In the following excerpt, Blamires offers a helpful reminder. Opposition to the Church is nothing new. One tactic of the modern age, however, is to attack the very foundation of the Church, calling her very existence into question. Such critics should be answered—not by clever slogans or technical language, but with the common sense reality that the Church is God’s idea—not man’s.

We must not talk—and we must not allow critics of the Church to talk—as though the Apostles sat round a table in the early days and one of them said, “I propose we have a Church,” and another said, “I second that,” and it was carried nem. con. [without opposition]. For the Church was not manufactured to a human plan. The Church happened. God made it, not man. He came to earth and left the Church behind him.

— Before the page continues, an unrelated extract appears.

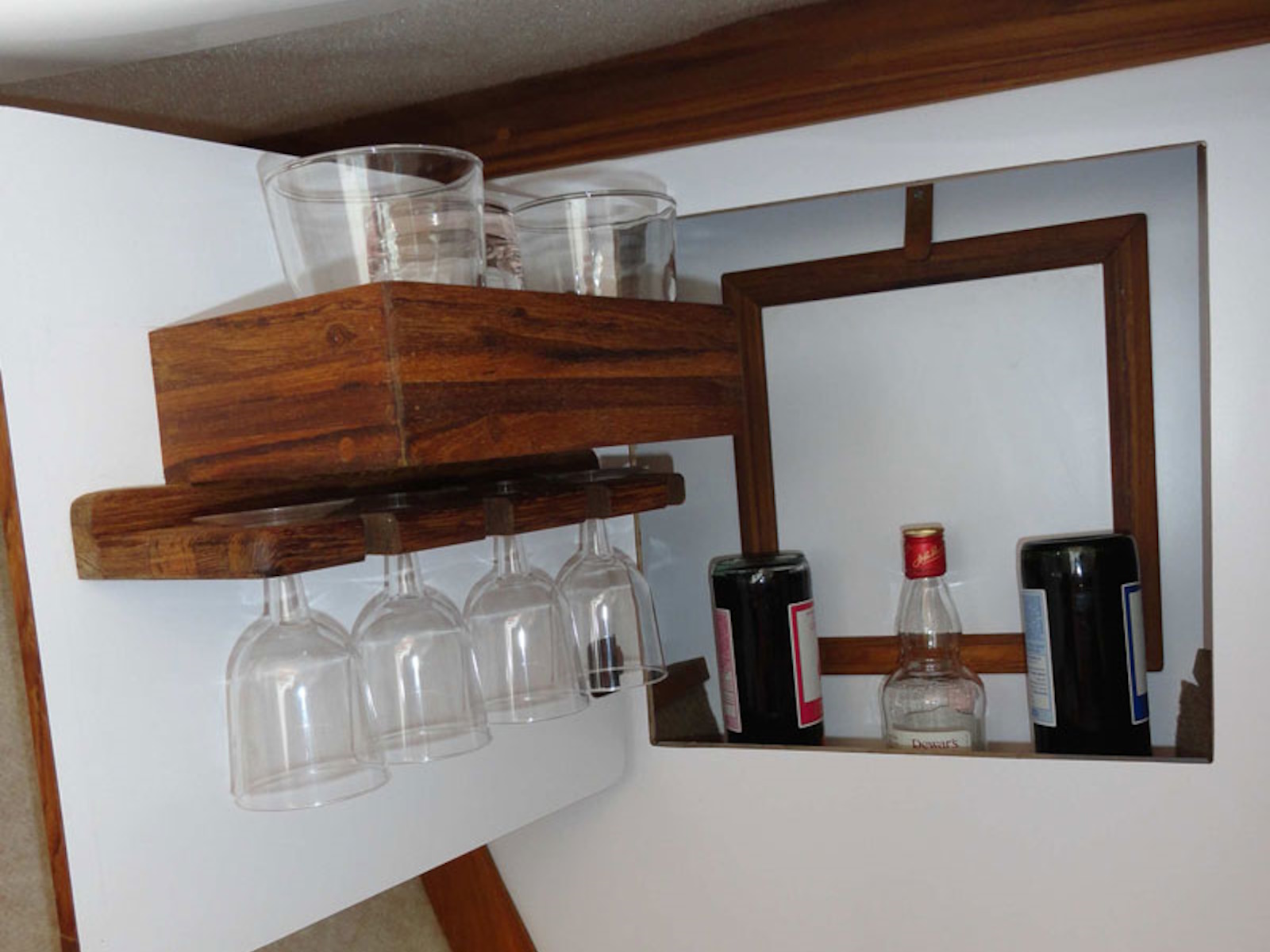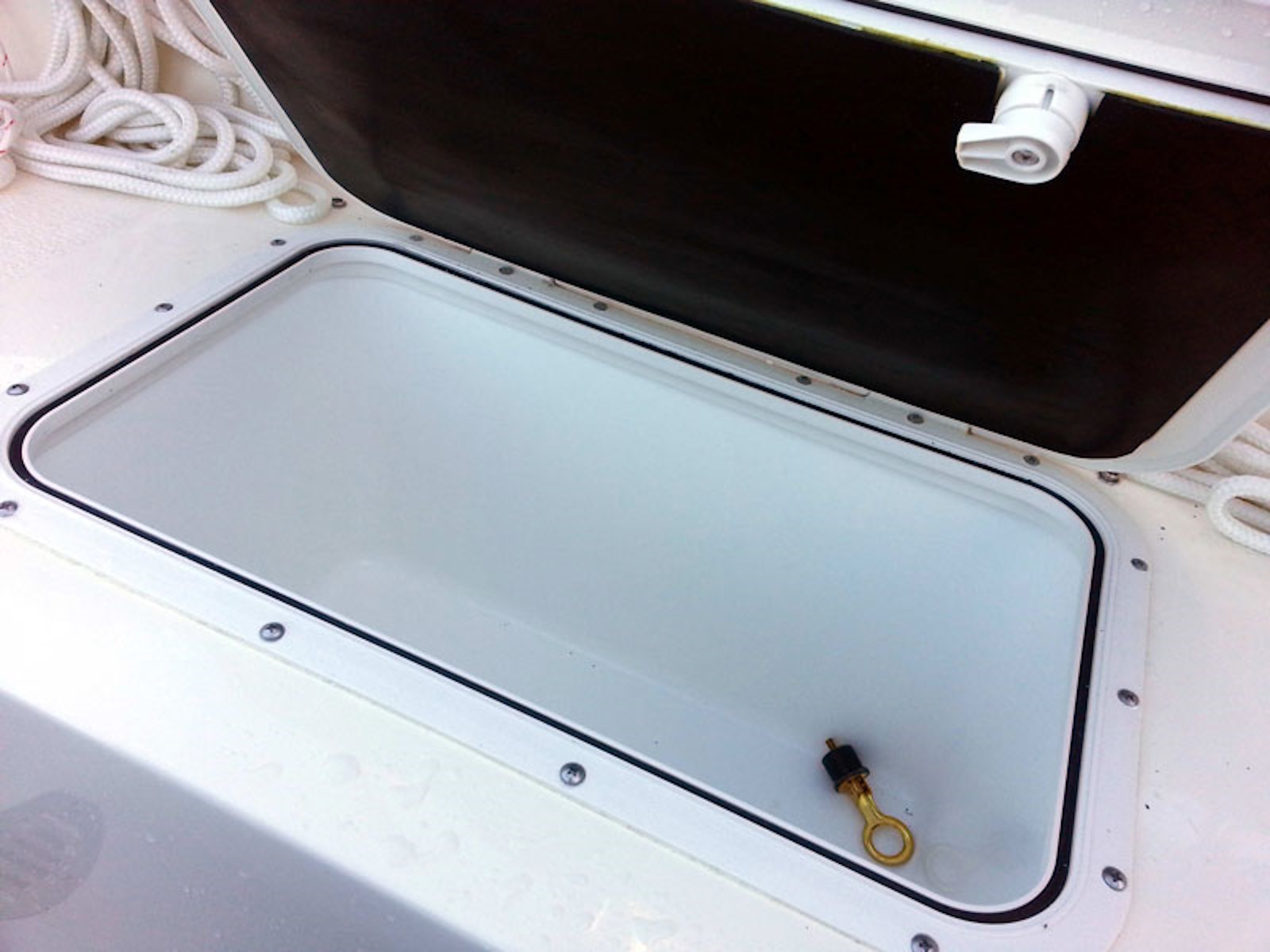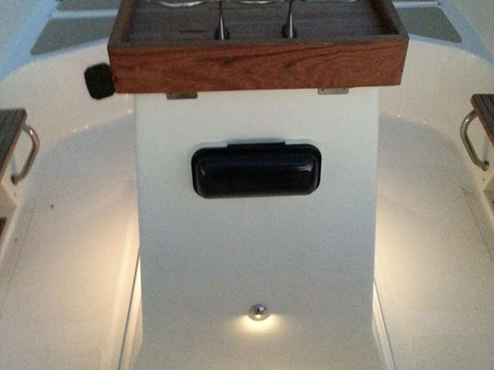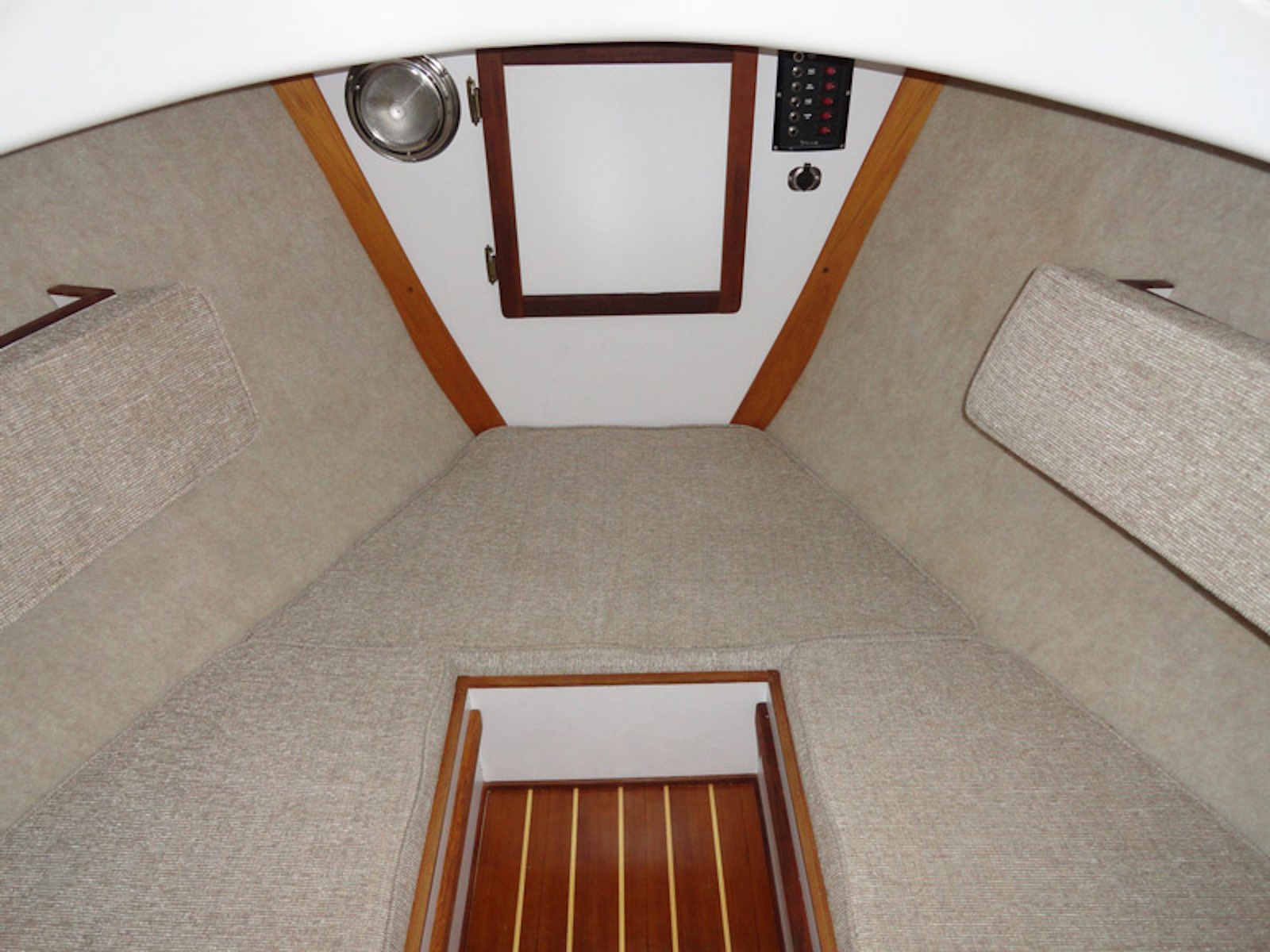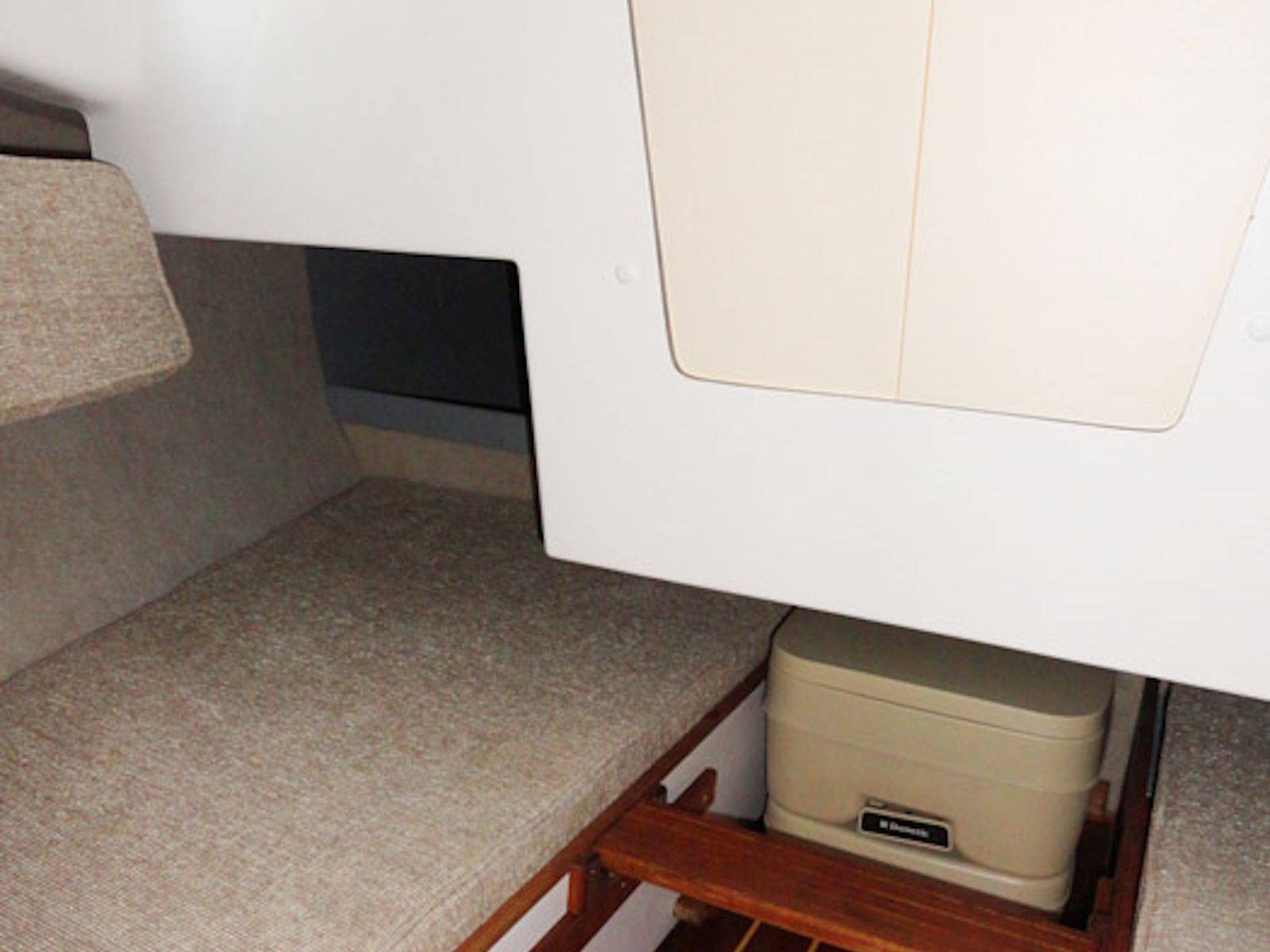On deck there is an insulated, built in ice box with a drain overboard. Below is comfortable seating for 3, with quarter berths that extend under the cockpit to provide 6'6" of sleeping space. The portable head stores under the cockpit floor and is pulled out for use.

Therefore to talk of not seeing the need for the Church is like talking of not seeing the need for the moon. The Church, like the moon, is not a human project, but a divine creation. It is before us. God put it there. Speculators might argue that, in his omniscience and wisdom, God might have thought up some different instrument of salvation, just as he might have devised a different means of lightening our darkness at night. But where does that kind of speculation get us? We are not concerned with what God did not do: we are concerned with what He did. And one of the things he did was to come to earth and establish the Church.1

Footnotes :

1 Harry Blamires, The Christian Mind: How Should a Christian Think? (Ann Arbor: Servant Publications, 1997), 119.